Journal of Clinical Infectious Diseases & Practice
Open Access

Nontyphoid Salmonellosis; Retinal diseases, Cohort study

Implications for Practice

Retinal diseases are identified as an important cause of ocular morbidity and visual impairment globally. In this Taiwan nationwide cohort study, there was a 1.15- fold increase risk of developing newonset retinal diseases for incident nontyphoid salmonellosis (NTS) patients, compared with the matched controls. Furthermore, Stratified analysis showed that the associated risk of the investigated outcome was significant aged than 61 years old (aHR 1.64, 95% CI = 1.04 to 2.58), in patients with hypertension (aHR= 2.10, 95% C.I. =1.38, 3.2), diabetes mellitus (aHR= 2.05, 95%C.I. = 1.15, 3.65), and hyperlipidemia (aHR= 2.05, 95% C.I. =1.22, 3.45).

Retinal disease is a leading cause of blindness worldwide. It is a highly prevalent ocular disorder which has affected all ethnic groups [1-3]. According to the previous report, population-based studies have estimated a prevalence of 5.35% to 21.02% at aged more than 40 years [4- 6]. The retina is a crucial organ for vision, and its complex structure with several layers needed to turn the light stimulus into a chemical signal ultimately sent to the brain. Different retinal disorder such as retinal vascular occlusion, retinal detachment, and macula degeneration are important causes of blindness and accounted for most common retinal problems [7,8]. Risk factors for retinal diseases might include aging, smoking, obesity, diabetes, hypertension, atherosclerosis, trauma, and family history of retinal diseases [9,10]. Chronic inflammatory events have recently been identified as plausible causes of atherosclerosis, which may predispose to some retinal disorders.

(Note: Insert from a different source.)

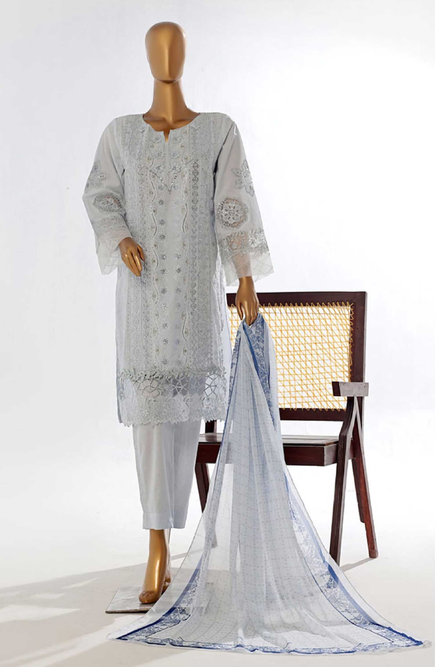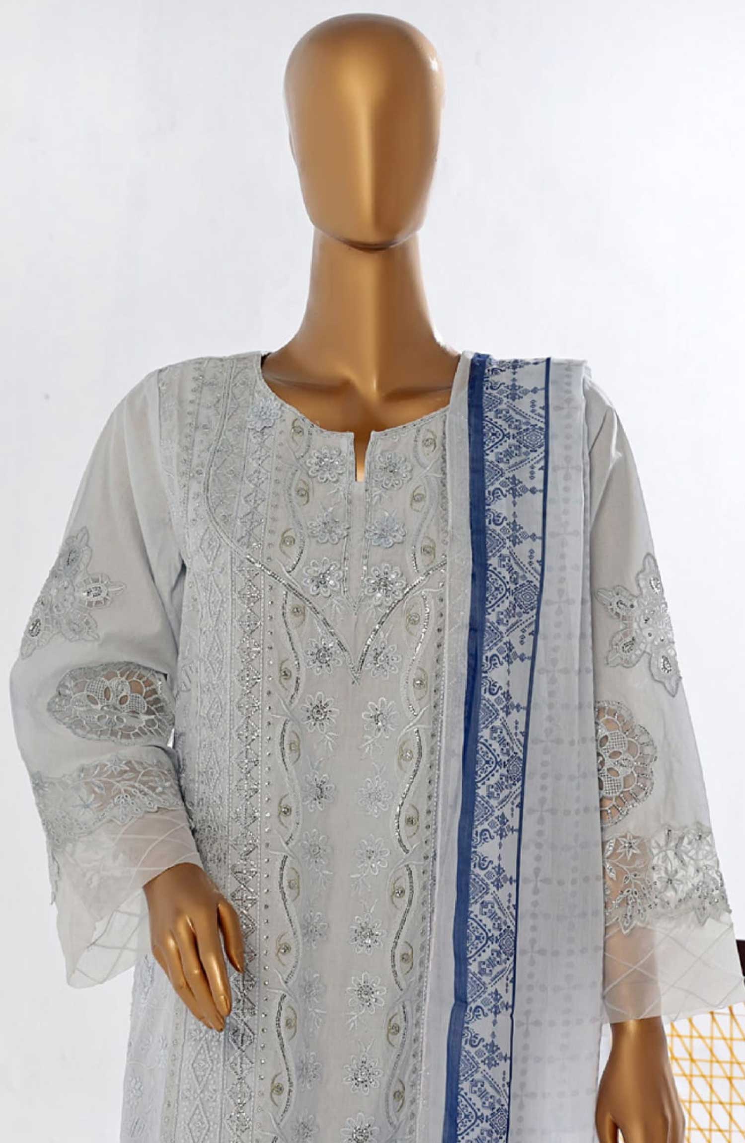 Home Bin Saeed Embroidered Lawn Stitched 3 Piece - Lf 065 A - BS25EL - Light Blue - Summer Collection

Salmonellosis is a common bacterial infection that affects the intestinal tract and an estimated 93.8 million cases of gastroenteritis occurring globally each year [10,11]. Salmonella may adhere to damaged endothelium persistly and cause secondary retina vascular lesions. Previous case report indicates that immune-mediated retinitis and macular neurosensory detachment is well-recognized sequelae of typhoid fever [12]. Cases of retinal necrosis, detachment, and phthisis with biopsy revealing Salmonella typhi in vitreous cultures are reported [13,14]. Furthermore, stellate maculopathy due to Salmonella typhi had been reported [15].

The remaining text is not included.